U.S. District Judge Carlton Reeves, who has handled a number of high-profile civil-rights cases on abortion access, religious freedom and same-sex marriage, will now oversee a race-discrimination lawsuit against a Mississippi sheriff’s office.
The case, in which plaintiffs allege Madison County sheriff’s deputies routinely target African Americans for traffic stops, was reassigned to Reeves, an Obama appointee, following the retirement of Senior U.S. District Judge William H. Barbour Jr.
The American Civil Liberties Union filed the suit in 2017, alleging that the sheriff’s department targeted black communities with tactics such as checkpoints, roadblocks and warrantless home searches.
The ACLU claims that black citizens are nearly five times more likely to be arrested than white people in Madison County, although the county’s population is only 38 percent black.
Barbour, who was overseeing the case, also presided over another highly watched civil-rights lawsuit last year — Dockery v.
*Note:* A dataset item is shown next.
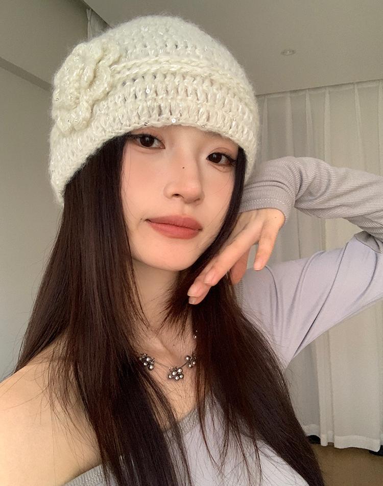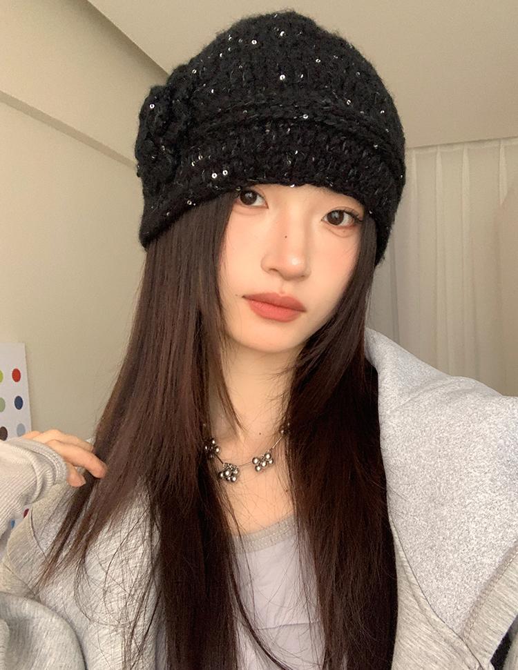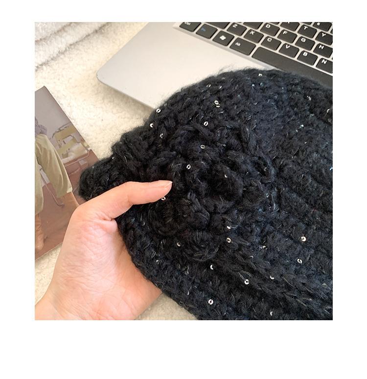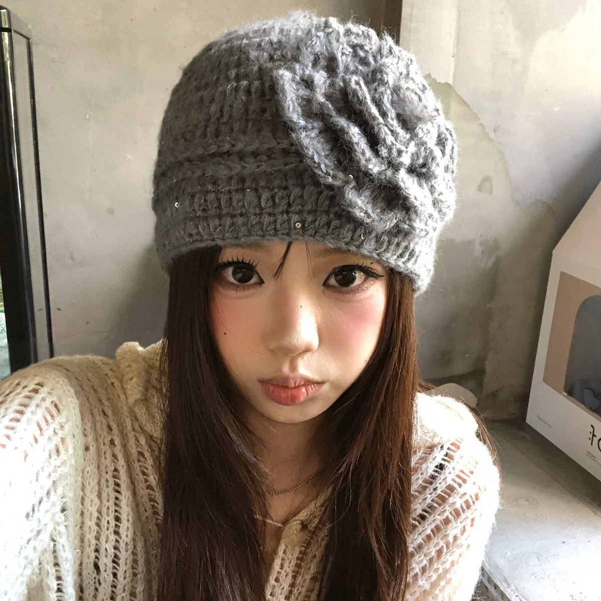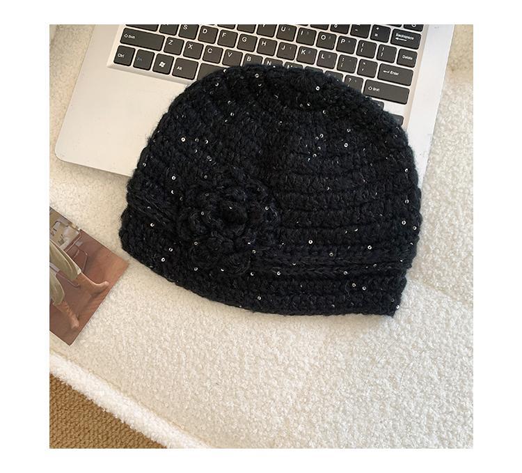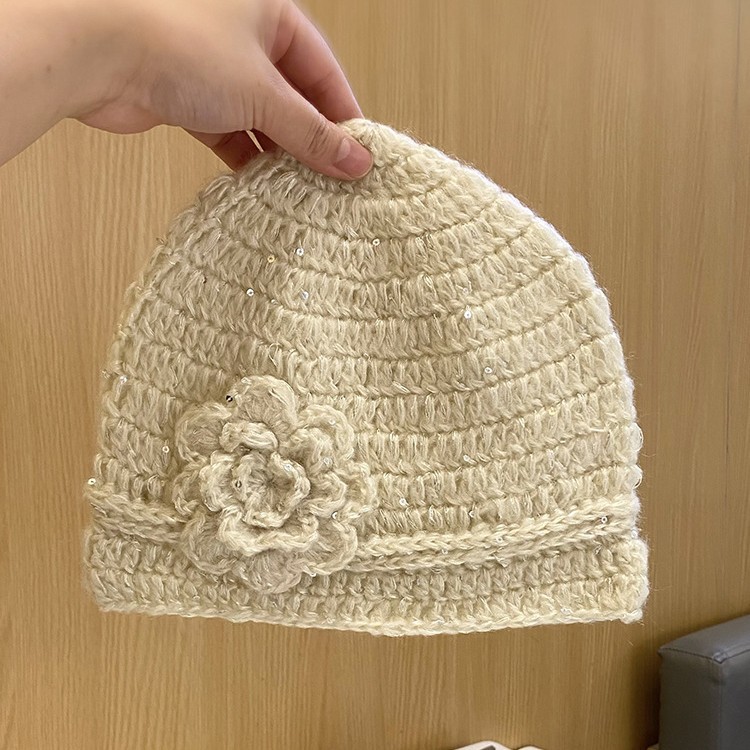 秋冬文艺百搭毛线帽亮片钩花帽子女复古氛围感花朵针织套头帽

Hall, which challenges prison conditions at the privately-run East Mississippi Correctional Facility in Meridian. That case has yet to be reassigned.
In a recent ruling handed down in November, Reeves permanently blocked Mississippi’s 15-week abortion ban. Reeves also struck down a controversial “religious freedom” law the Legislature passed in 2016 as well as the state’s ban on same-sex marriage in 2015.